CareerCup

#include <string>
#include <iostream>
#include <sstream>
#include <iomanip>

using namespace std;

string convert(const string &s){
	stringstream o;

  	for(char i : s){
    		if(i < ' ')
      			o << "\\" << setw(3) << setfill('0') << oct << (int)i;
    		else
     			 o << i;
  	}
  	return o.str();
}

int main(int argc, char *argv[]) {
  	cout << convert("A\tB") << endl;
  	return 0;
}

output : A\011B

Use a lookup table for the 32 special ASCII characters and then simply search and replace.

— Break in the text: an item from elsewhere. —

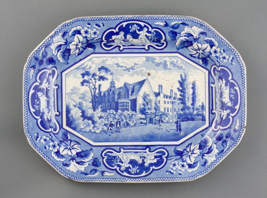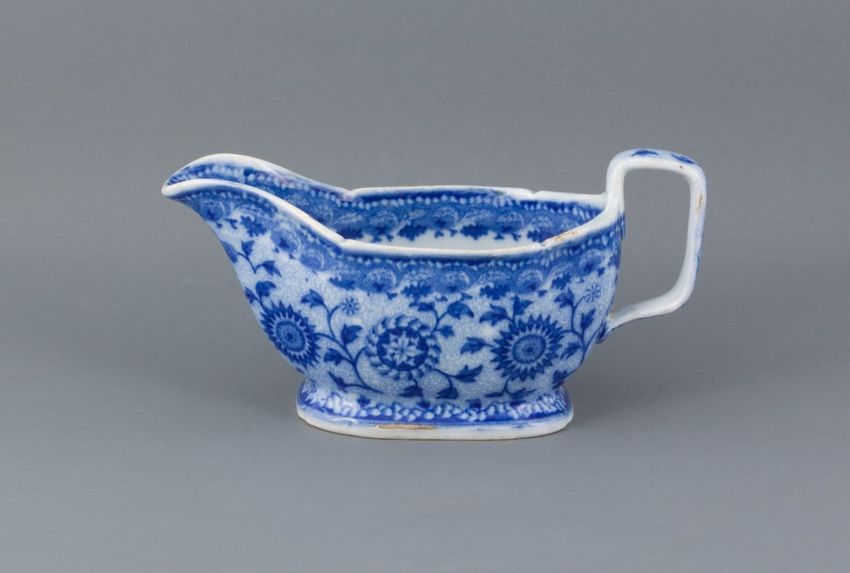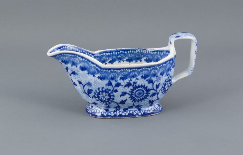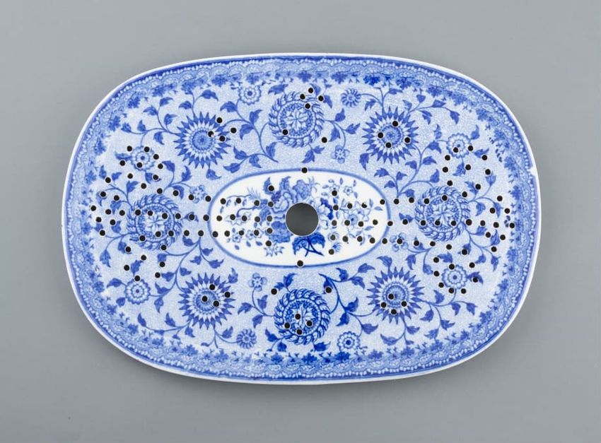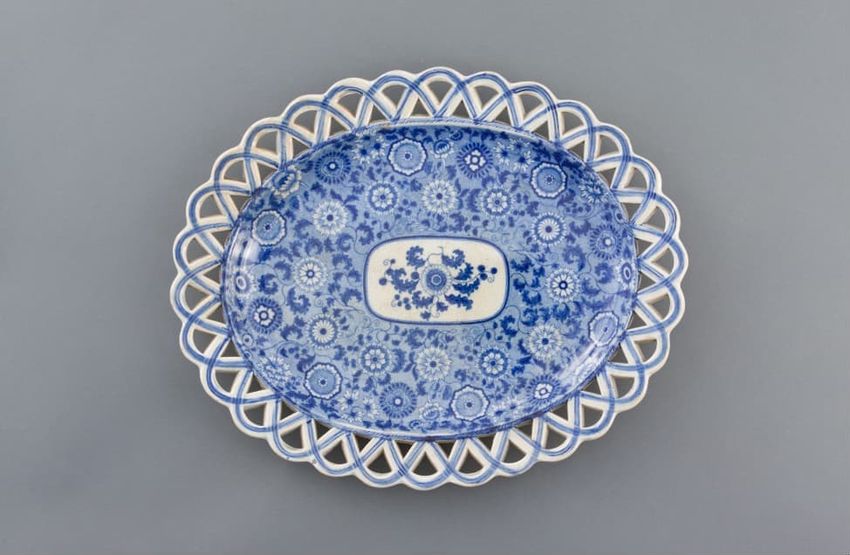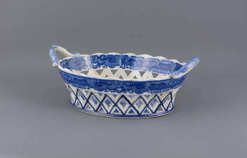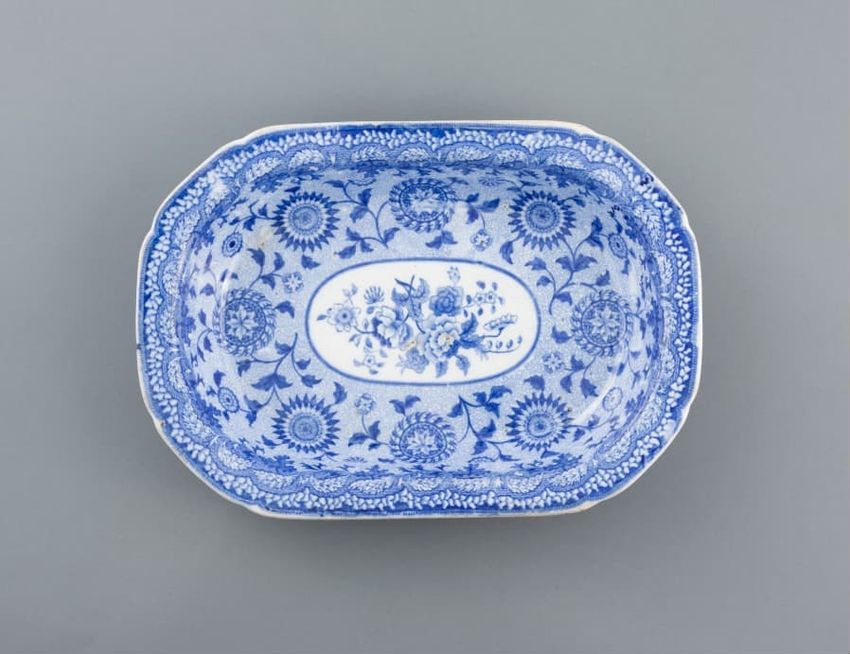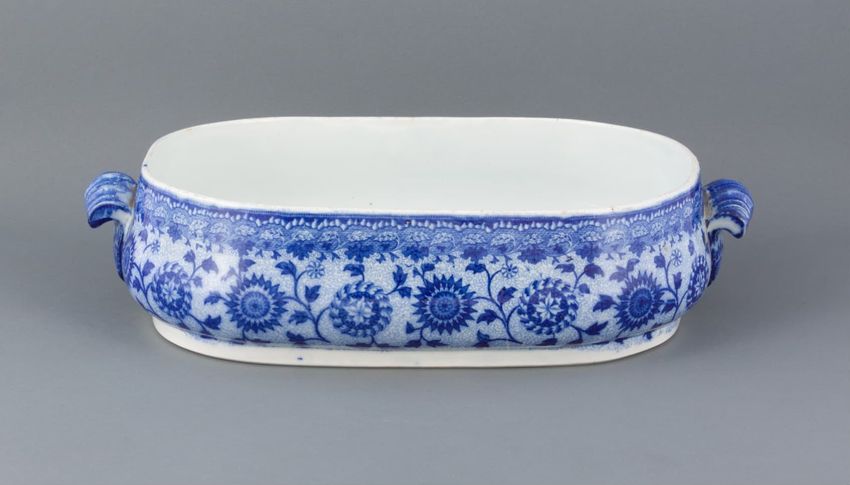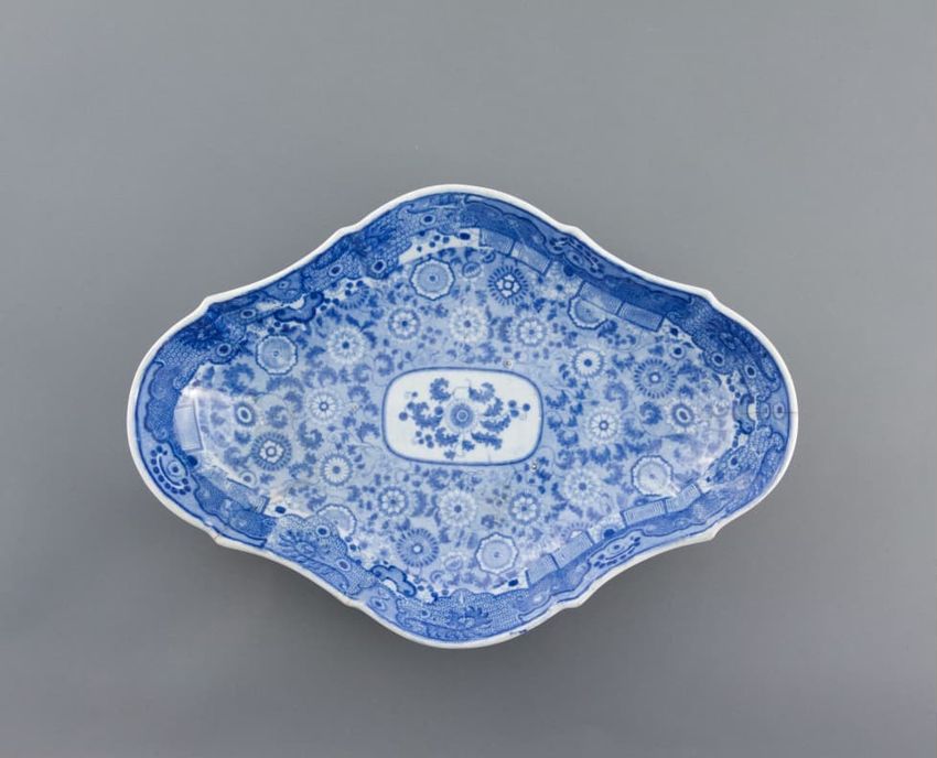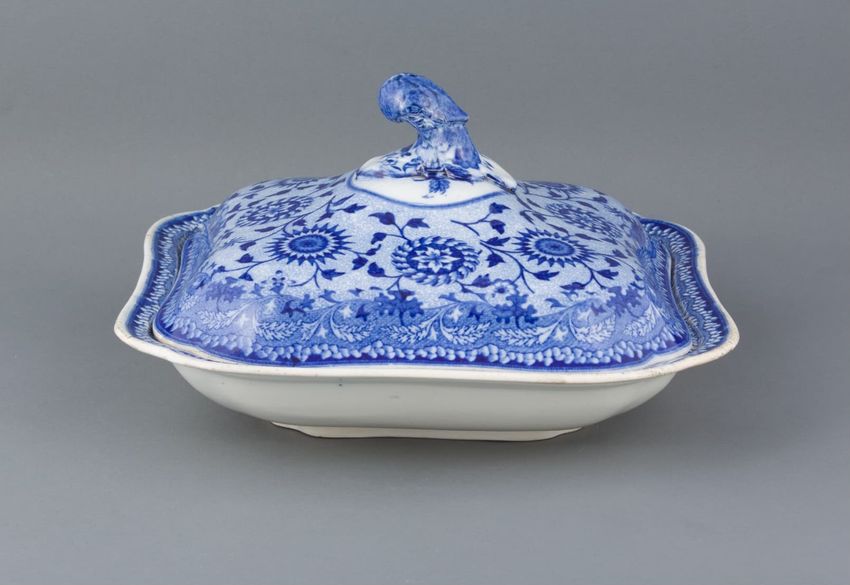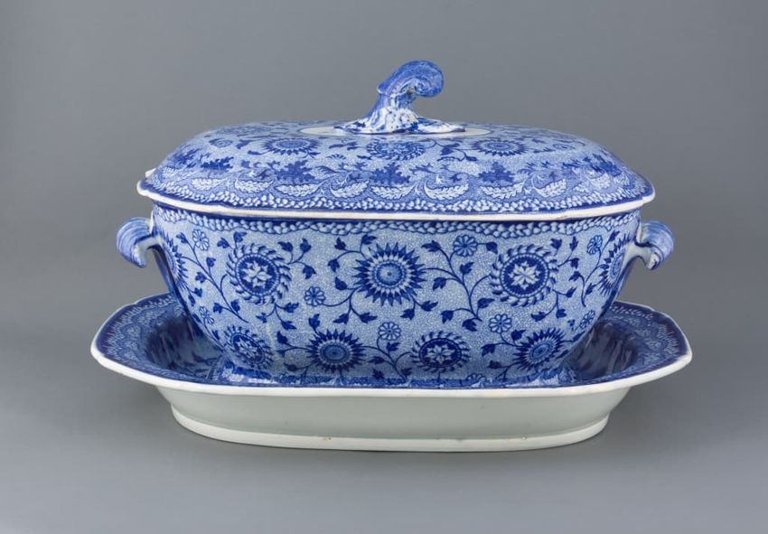 A blue transfer printed three piece tureen set which consists of a stand, tureen, and cover. Both the stand and the tureen have a central floral medallion surrounded by an inner floral border superimposed on a rounded diaper pattern and an outer foliate border. The outside of the tureen also has the...
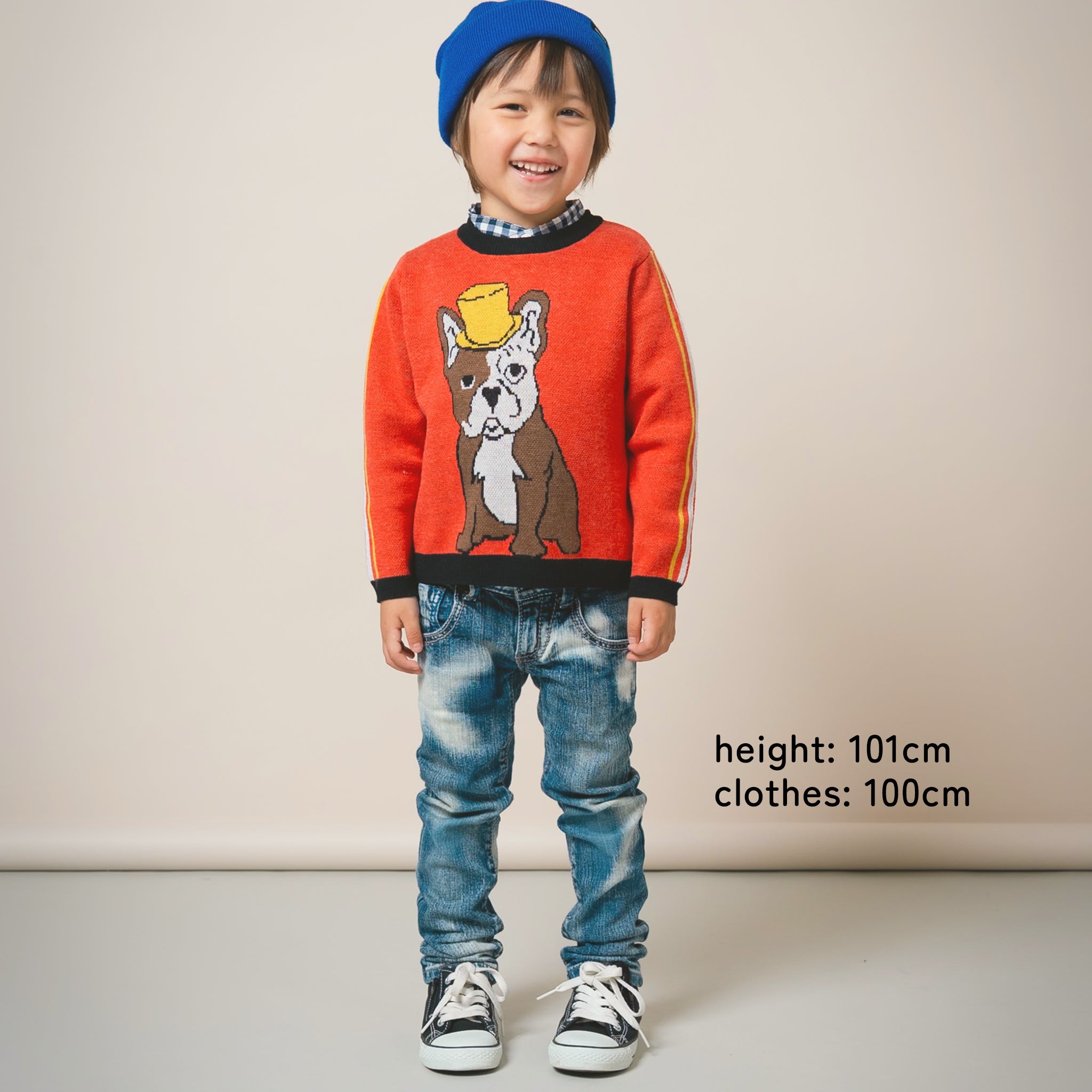 フロントに大きくデザインされたワンちゃんモチーフと、袖の3本ラインがアクセントになった、カラフルでポップなウール混ニットプルオーバーです。

public class OctalEscape {

public static void main(String args[]) {
System.out.println(escape("\000sdjfj k\004ljf lafj \100\040\100 asdfj akl\010jsdfklf"));
}

static String lookup[];
static {
buildLookupTable();
}

static void buildLookupTable() {
lookup = new String['0'];
char octal[] = new char[] {'0','0','0'};
int c = 0;
for (char i = '0'; i <= '7'; ++i) {
octal[0] = i;
for (char j = '0'; j <= '7'; ++j) {
octal[1] = j;
for (char k = '0'; k <= '7'; ++k) {
octal[2] = k;
lookup[c++] = "\\" + octal[0] + octal[1] + octal[2];
if (c == ' ') {
return;
}
}
}
}
}

static String escape(String s) {
StringBuffer result = new StringBuffer();
char sArray[] = s.toCharArray();
for (char c : sArray) {
if (c < ' ') {
result.append(lookup[c]);
}
else {
result.append(c);
}
}
return result.toString();
}
}

Hi

Can you please elaborate ?

Hi, basically, nothing should be modified for the original string, since the new char '\ooo' would be the same as the previous char.

So if I understand you correctly if the input string is: "A#B" output should be "A\043B" as ascii character '#' maps to decimal 35 and octodecimal 43. Right?